Is it also possible to solve for mdes and power (both currently input values) IF everything else is known?

foo <- function(A = 200, As = 15, B = 100,Bs = 10,iccmax = 0.15,mdes = .25,SD = 1.2,power = 80)
{
  tail <- 2
  alpha <- 5
  inv_d <- function(mdes) {
    c(mean_dif = 1, Vmax = 2/mdes^2)
  }
  SDr <- 1/SD
  pars <- inv_d(mdes)
  mean_dif <- pars[[1]]
  Vmax <- pars[[2]]
  zbeta <- qnorm((power/100))
  zalpha <- qnorm(1-(alpha/(100*tail)))
  maxvarmean_difhat <- (mean_dif / (zbeta + zalpha))**2
  ntreat <- sqrt((A/As)*((1-iccmax)/iccmax))
  ncont <- sqrt((B/Bs)*((1-iccmax)/iccmax))
  costpertreatcluster <- A + (As*ntreat)
  costperconcluster <- B + (Bs*ncont)
  gtreat <- (sqrt(A*iccmax) + sqrt(As*(1-iccmax)))**2
  gcon <- (sqrt(B*iccmax) + sqrt(Bs*(1-iccmax)))**2
  pratio <- sqrt(gtreat/gcon)
  budgetratio <- 99999
  budgetratio <- ifelse( ((pratio <= SD) & (pratio >= SDr)), pratio**2, ifelse((pratio > SD), pratio*SD, pratio*SDr))
  fraction <- budgetratio/(1 + budgetratio)
  mmvnumer <- 99999
  mmvnumer <- ifelse( ((pratio <= SD) & (pratio >= SDr)),
                      gcon*Vmax*(1+(pratio**2)),
                      ifelse((pratio > SD),
                             gcon*Vmax*(((pratio*SD)+1)**2/((SD**2)+1)),
                             gcon*Vmax*(((pratio*SDr)+1)**2/((SDr**2) + 1))) )
  budget <- mmvnumer/maxvarmean_difhat
  treatbudget <- fraction*budget
  conbudget <- (1-fraction)*budget
  ktreat <- treatbudget/costpertreatcluster
  kcont <- conbudget/costperconcluster
  ktreatrup <- ceiling(ktreat)
  kcontrup <- ceiling(kcont)
  ktreatplus <- ifelse(pmin(ktreatrup,kcontrup) < 8, ktreatrup + 3, ktreatrup + 2)
  kcontplus <- ifelse(pmin(ktreatrup,kcontrup) < 8, kcontrup + 3, kcontrup + 2)
  budgetplus <- (ktreatplus*costpertreatcluster) + (kcontplus*costperconcluster)
  
  return(c(ncont = ncont, kcont = kcontplus,
    ntreat = ntreat, ktreat = ktreatplus, budget = budgetplus))
}
#--------------------------------------------------------------------------------
# EXAMPLE OF USE:
foo()

       ncont        kcont       ntreat       ktreat       budget 
    7.527727    73.000000     8.692270    62.000000 33279.051347

Solution

  • Define a function of one variable as

    p0 = foo()
    fn1 = function(x) sum((foo(mdes=x) - p0)^2)
    

    and find a minimum that should be 0, and which corresponds to your mdes = 0.25 input!

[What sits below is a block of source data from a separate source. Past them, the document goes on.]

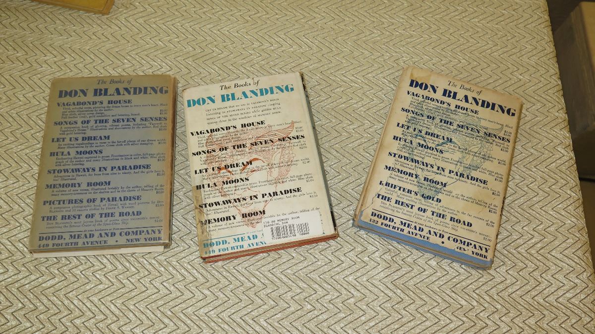 Antique Books: 3 Don Blanding Books - Hardbound, Signed, 1930s
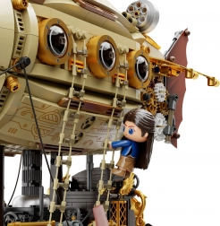 Az oldalsó propellerek forognak, a kötelek és fogaskerekek kiemelik az autentikus steampunk megjelenést. A modell játék közben és a polcon is lenyűgöző.
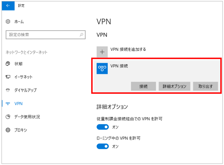 以上でVPN接続の設定は完了です。
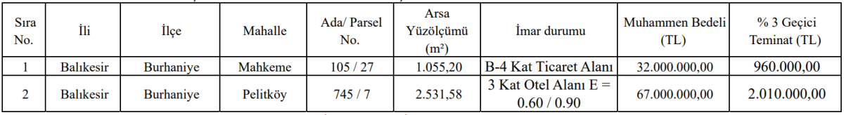 BALIKESİR BURHANİYE’DE İKİ AYRI ARSA İHALESİ
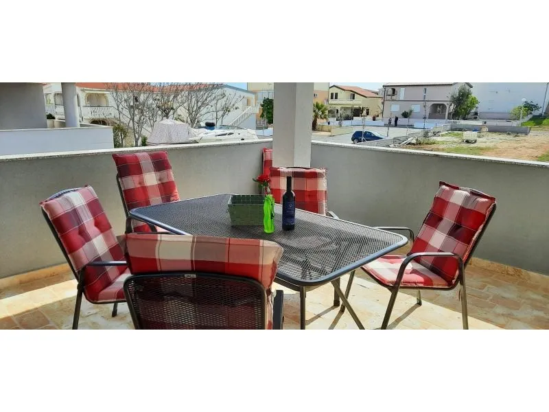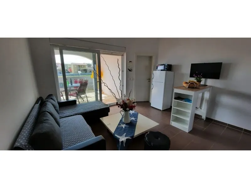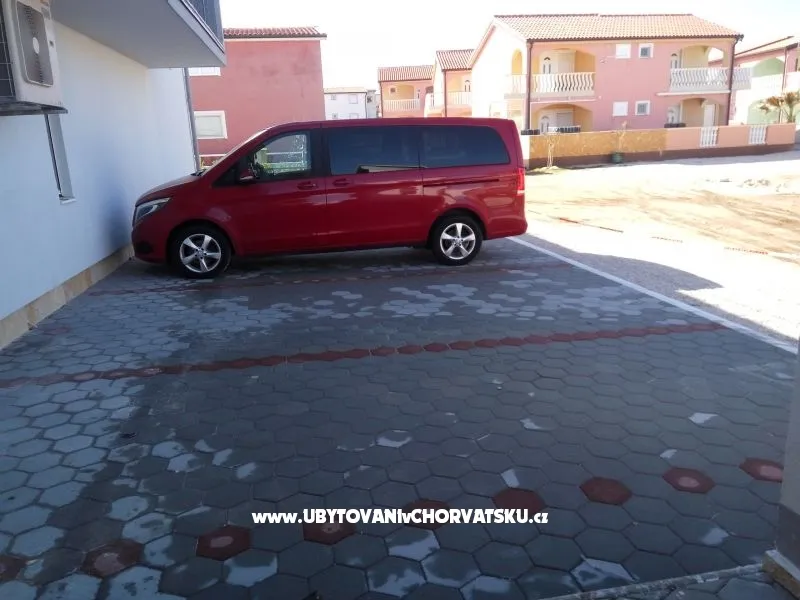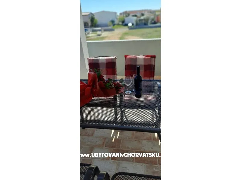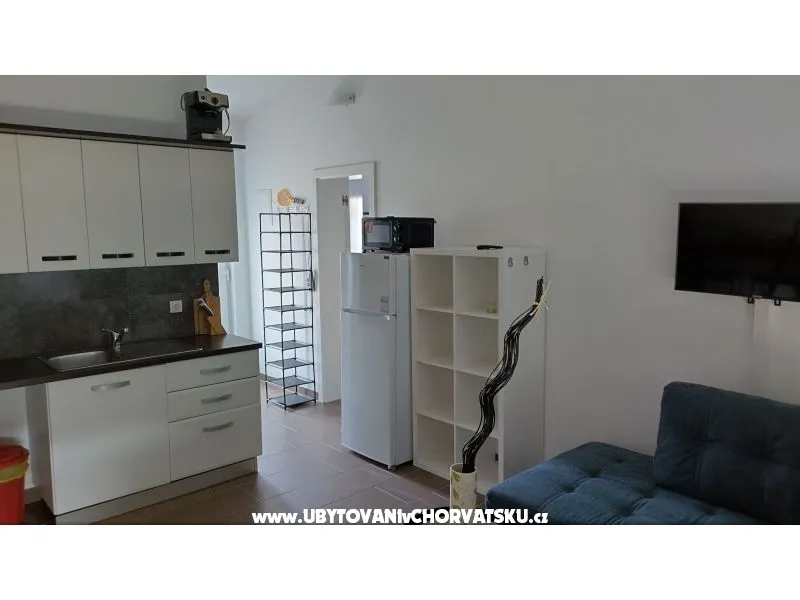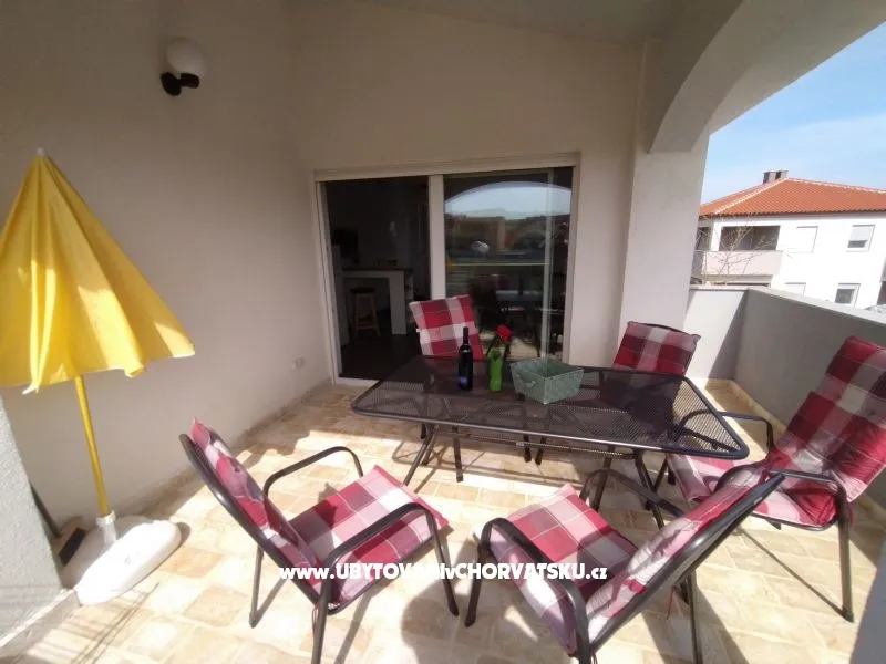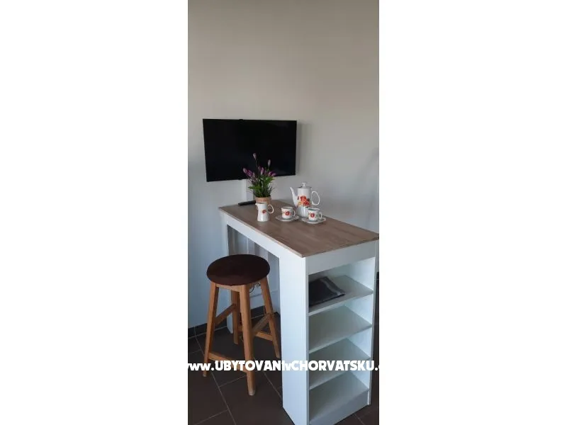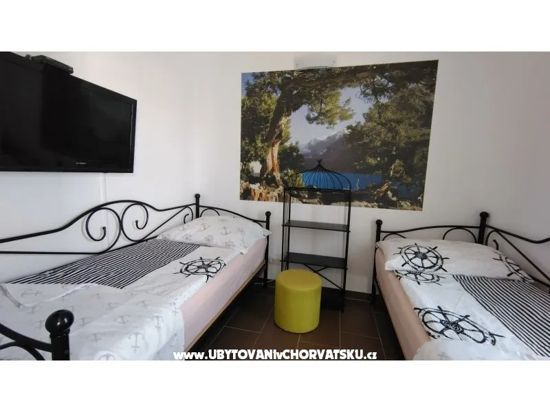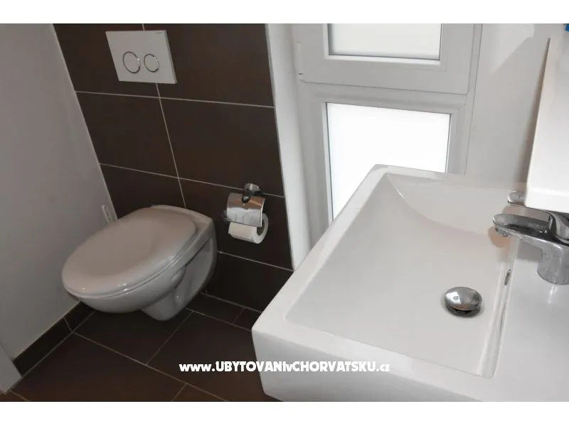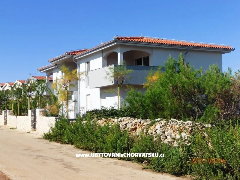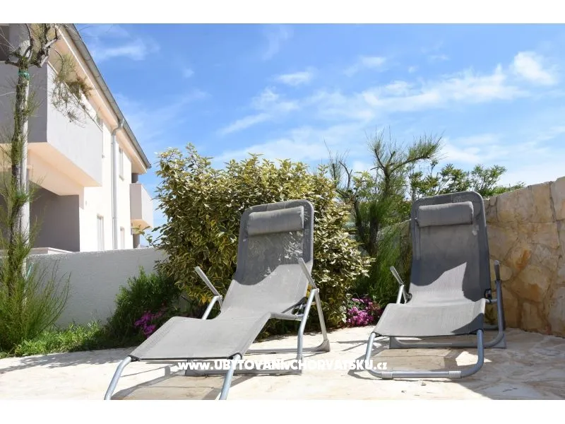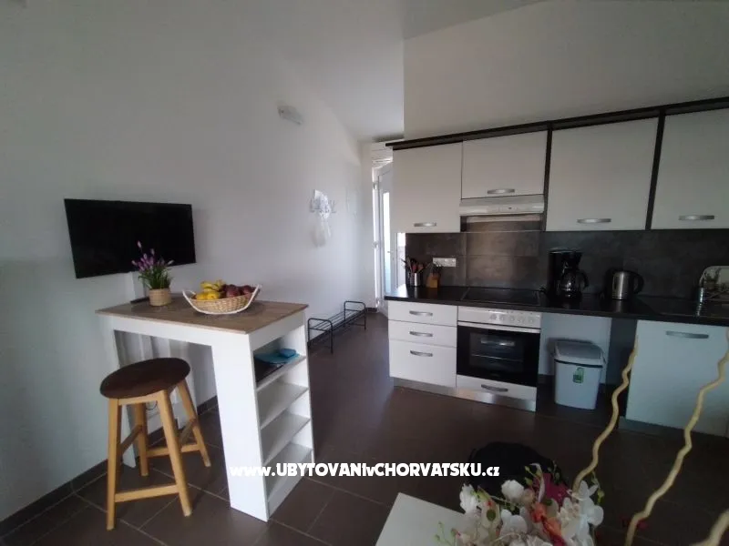 Apartmánový dům byl postaven v roce 2013. Je zateplený, okna mají elektrickou žaluzii a moskytiéru. Voda je ohřívána solárním systémem, který je v případě, že by slunce nesvítilo, doplněn elektrickým ohřevem. Dům má vlastní parkoviště pro 5 automobilů, parkoviště je umístěno tak, aby Váš automobil byl celý den chráněn před sluncem. Na pozemku, který patří k domu je velký gril, který lze používat. Na pozemku je vytvořena zahrada s kamennou terasou a posezením pro Vaši relaxaci. Apartmány jsou umístěny v prvním patře. Každý apartmán má vlastní terasu. K apartmánu je jedno parkovací místo. Apartmán je vybavený klimatizací, okno v ložnici a do koupelny má moskytiéru. Všechna okna jsou vybavená elektrickými roletami. V obýváku s kuchyní je TV momentálně s českou, chorvatskou a německou TV. TV je možno připojit na HDMI nebo USB. V ložnici je jedna dělená skříň s poličkami a věšáky. Kuchyně je vybavená sklokeramickou deskou, elektrickou troubou, ledničkou, mikrovlnou troubou. Samozřejmostí jsou věci jako talíře, skleničky, hrnce, příbory, kávovar… Dolní apartmány mají 80m2 dvě ložnice s obývákem a kuchyní. Oba apartmány maji koupelnu Jeden apartmán má dvě klimatizace, druhý jednu. oba apartmány mají samostatnou terasu pro slunění s lehátky. Tyto apartmány jsou bezbariérové. Do ceny není započítán závěrečný úklid 80€.

    optimize(fn1, c(0.0, 1.0))
    ## $minimum
    ## [1] 0.2497695
    ## $objective
    ## [1] 0
    

    For two variables, this is more difficult, as the function has many local minima and is ill-defined outside certain regions. Applying optim() you will need well-chosen starting points.